The three bugs that show up most often in AI-generated apps

In our benchmark testing, three vulnerability classes account for the majority of confirmed findings in AI-generated apps.

SQL injection shows up because agents reach for template literals to build dynamic queries. The ORM wrapper isn't always there. A typical pattern: db.query(\SELECT * FROM users WHERE id = ${req.params.id}\). Syntactically correct, catastrophically exploitable. The agent knew about parameterized queries. It just didn't use one here.

Unauthenticated admin routes show up because agents scaffold admin endpoints first to make development faster, then auth middleware gets added later. Except sometimes it doesn't. A common finding: /api/admin/users returns the full user table with no authentication check.

Insecure file handling (path traversal and unsanitized upload destinations) shows up whenever file paths are constructed from user input without validation. fs.readFile('./uploads/' + req.params.filename) is the classic case.

Don't start from a checklist. Start from what's exploitable against your staging URL.

The instinct after reading the above is to open an OWASP checklist and work through it line by line. That's the wrong move. Checklists give you 40 things to worry about. Most of them are irrelevant to your specific stack.

Run exploit verification against your staging environment instead. Point it at your app and let it attempt the actual exploits (SQL payloads, auth bypass attempts, path traversal sequences) against your running code, with your actual middleware and config.

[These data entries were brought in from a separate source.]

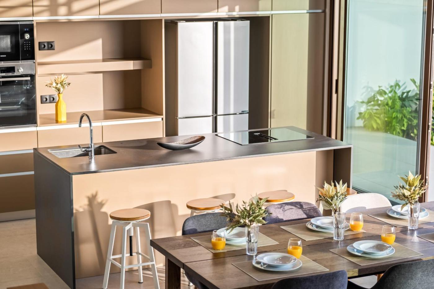 Superior Villa. This villa offers a pool with a view. Featuring a private entrance, this spacious villa also comprises 3 bedrooms, a seating area and 3 bathrooms with a bath and a shower. Meals can be prepared in the kitchen, which comes with a stovetop, a refrigerator, a dishwasher and kitchenware. The air-conditioned villa provides a TV with cable channels, a washing machine, soundproof walls, a tea and coffee maker as well as sea views. The unit offers 4 beds.
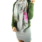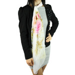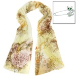 kilofly Floral Scarf is an up-to-the-minute feminine accessory for all seasons. It combines the China roses and peony blossoms print with colorful flowers on light background for a truly eye-catching effect. Comes with a lovely rhinestones mounted safety brooch pin adorned with a cute green eye cat, adding a stylish, delightful touch on your outfit!
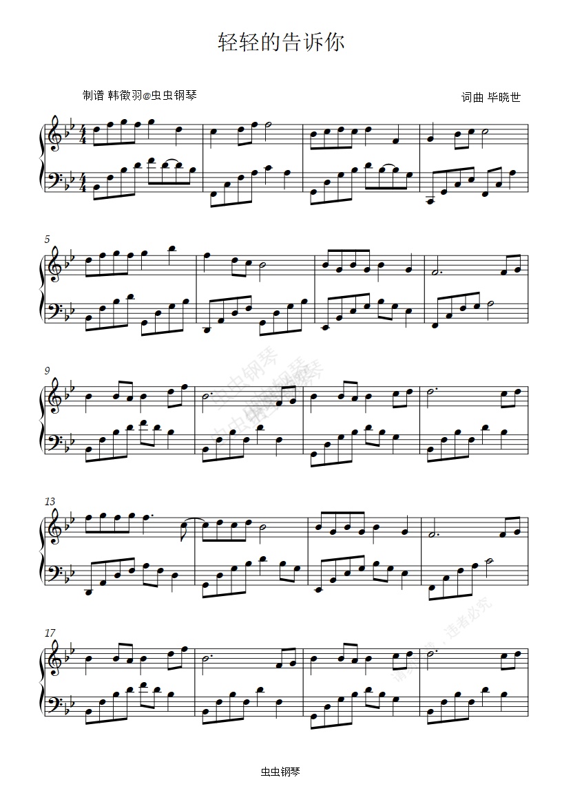钢琴谱:轻轻地告诉你 原调 简单易弹

You'll get back a short list: typically 1 to 5 findings that are confirmed exploitable in your environment.

This matters because a static analysis tool might flag a library function that your framework's middleware actually protects. The exploit verification knows whether that protection is in place because it tested it. A finding that comes back 'not exploitable' is real information, not a false negative.

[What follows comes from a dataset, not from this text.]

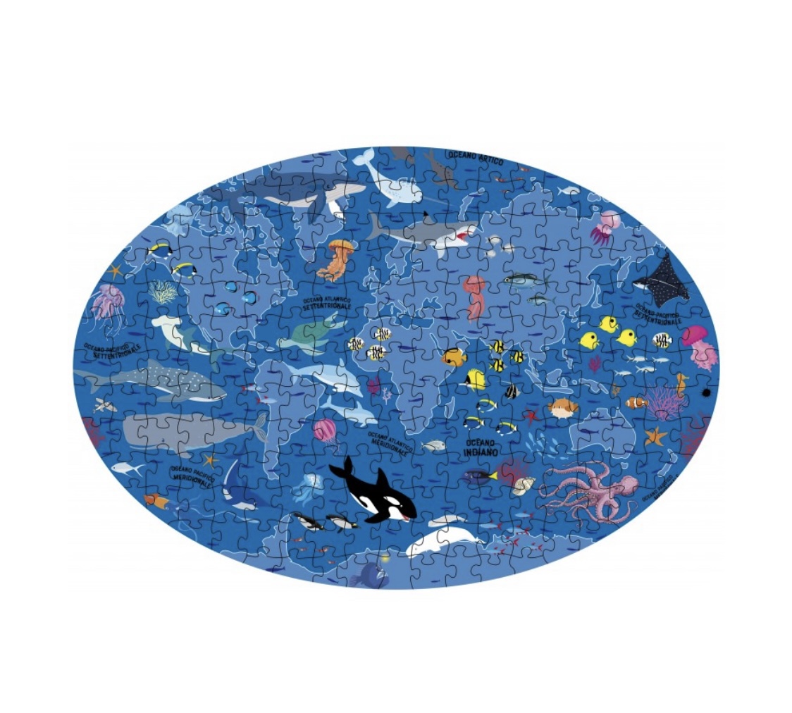 Bien qu’elle soit appelée Terre, notre planète est principalement composée d’eau. Les mers et les océans, immenses étendues d’eau salée, accueillent des créatures magnifiques et spectaculaire, cachent des trésors et permettent la vie même sur terre. Lis le livre de 32 pages pour découvrir tous les secrets du monde aquatique et construis le puzzle où tu trouveras les espèces animales et végétales que tu rencontreras entre les pages.

What to hand your agent to get the fix right on the first pass

Generic fix instructions produce generic fixes. If you tell Claude Code 'fix the SQL injection in auth.ts', it might add input validation, switch to an ORM, or add a regex filter. Any of these might not actually close the vulnerability.

A verified finding gives you: exact file and line, the parameter that was exploited, the payload that worked, and the HTTP response that proved it. Hand that directly to your agent: 'SQL injection confirmed at src/api/auth.ts:40, parameter user_id, payload \' OR \'1\'=\'1\' --, 847 rows returned. Use a parameterized query.' That's an instruction it can act on correctly the first time.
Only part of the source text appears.